Mar 16, 2025

21Shares Shuts Down Bitcoin and Ether Futures ETFs as Crypto Outflows Mount

Crypto asset manager 21Shares has announced it will shutter two of its actively managed ETFs focused on Bitcoin and Ether futures, citing ongoing market turbulence and plummeting investor interest. The two funds—ARK 21Shares Active On-Chain Bitcoin Strategy ETF (ARKC) and ARK 21Shares Active Bitcoin Ethereum Strategy ETF (ARKY)—will officially cease trading at market close on March 27, with liquidation scheduled to follow on or around March 28, according to a press release from the firm.

The decision comes as part of a broader downturn, where the U.S.-listed spot Bitcoin ETFs have seen over $1.66 billion in outflows so far this month alone, reflecting a shift away from risk assets amid declining cryptocurrency prices.
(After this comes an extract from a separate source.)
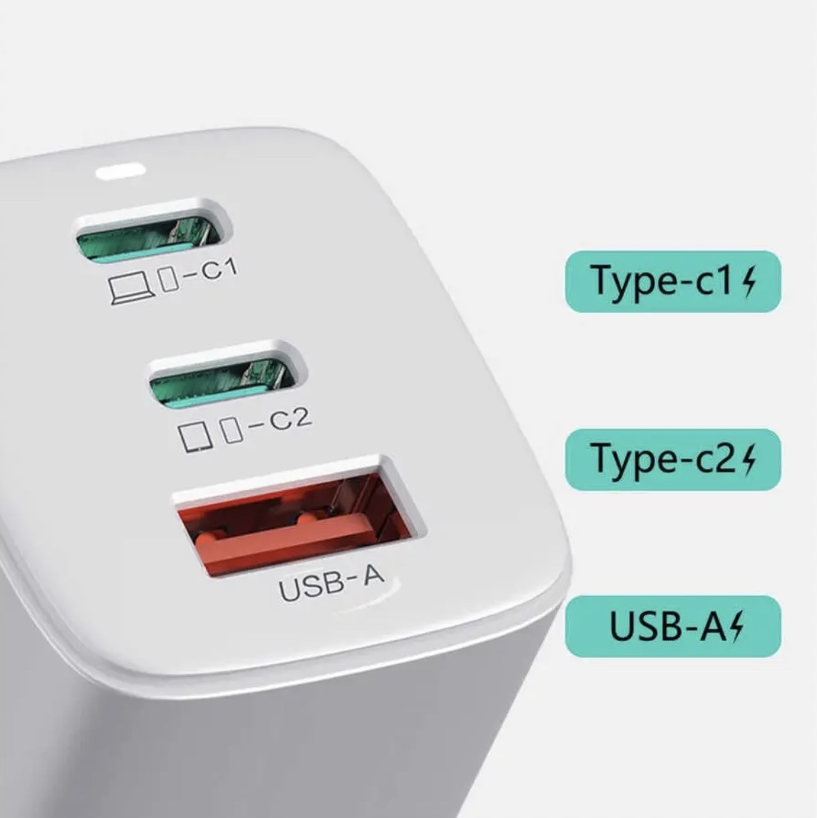 Mua tại TiktokBộ đổi nguồn Wiwu Gan Tech GTC6521-65W 2 đầu ra PD 1 đầu ra USB Hỗ trợ sạc nhanh QC 3.0 Chất liệu nhựa PC chống cháy chất lượng Công suất hiện tại tối đa 5A Thiết kế tiện dụng và phong cách 6 công nghệ bảo vệ khác nhau Bảo vệ quá áp Bảo vệ ngắn mạch Bảo vệ quá tải Bảo vệ quá dòng bảo vệ nhiệt độ Bảo vệ quá mức Thông số kỹ thuật Tiêu chuẩn: GB4943.1-2011 Đầu vào: AC100-240V-50 / 60Hz, Tối đa 1.5A Đầu ra Usb: 4.5V = 5A, 5V = 4.5A, 9V = 3A, 12V = 2.5A, 20V = 1.5A 30W mAX Đầu ra Type-C 1: 5V = 3A, 9V = 3A, 12V = 3A, 15V = 3A, 20V = 3,25A 65W Tối đa Đầu ra Type-C2: 5V = 3A, 9V = 3A, 12V = 2,5A, 15V = 2A, 20V = 1,5A 33W Tối đa

Year-to-date, Bitcoin has shed more than 12.8%, while the wider CoinDesk 20 Index (CD20)—which tracks the broader crypto market—has lost approximately 24% of its value.

Both ETFs, which carried expense ratios of 1% (ARKC) and 0.93% (ARKY) respectively, were part of 21Shares’ strategy to provide active management exposure to the volatile crypto derivatives market. However, the steep outflows and general bearish sentiment forced the firm to reconsider their viability.

Shareholders holding their positions until the liquidation date will receive payouts equivalent to their share of the funds’ net asset value, ensuring that investors can recoup their assets post-liquidation.

Inside 21Shares and ARK Invest

The liquidation of the two futures ETFs comes from two major players in the crypto investment space—21Shares and ARK Invest—both of whom have built strong reputations in the market by focusing on innovation and accessibility.

21Shares, one of the world’s earliest and largest issuers of cryptocurrency exchange-traded products (ETPs), was founded with the mission to make crypto assets more accessible to traditional investors. The firm made headlines in 2018 when it listed the world’s first physically-backed crypto ETP, paving the way for a new wave of regulated digital asset investment vehicles.

With a six-year track record under its belt, 21Shares now offers a wide array of crypto-focused ETFs and ETPs, listing products on some of the globe’s largest and most liquid securities exchanges. Beyond product offerings, the firm is known for delivering comprehensive research and client services, helping bridge the gap between traditional finance (TradFi) and decentralized finance (DeFi).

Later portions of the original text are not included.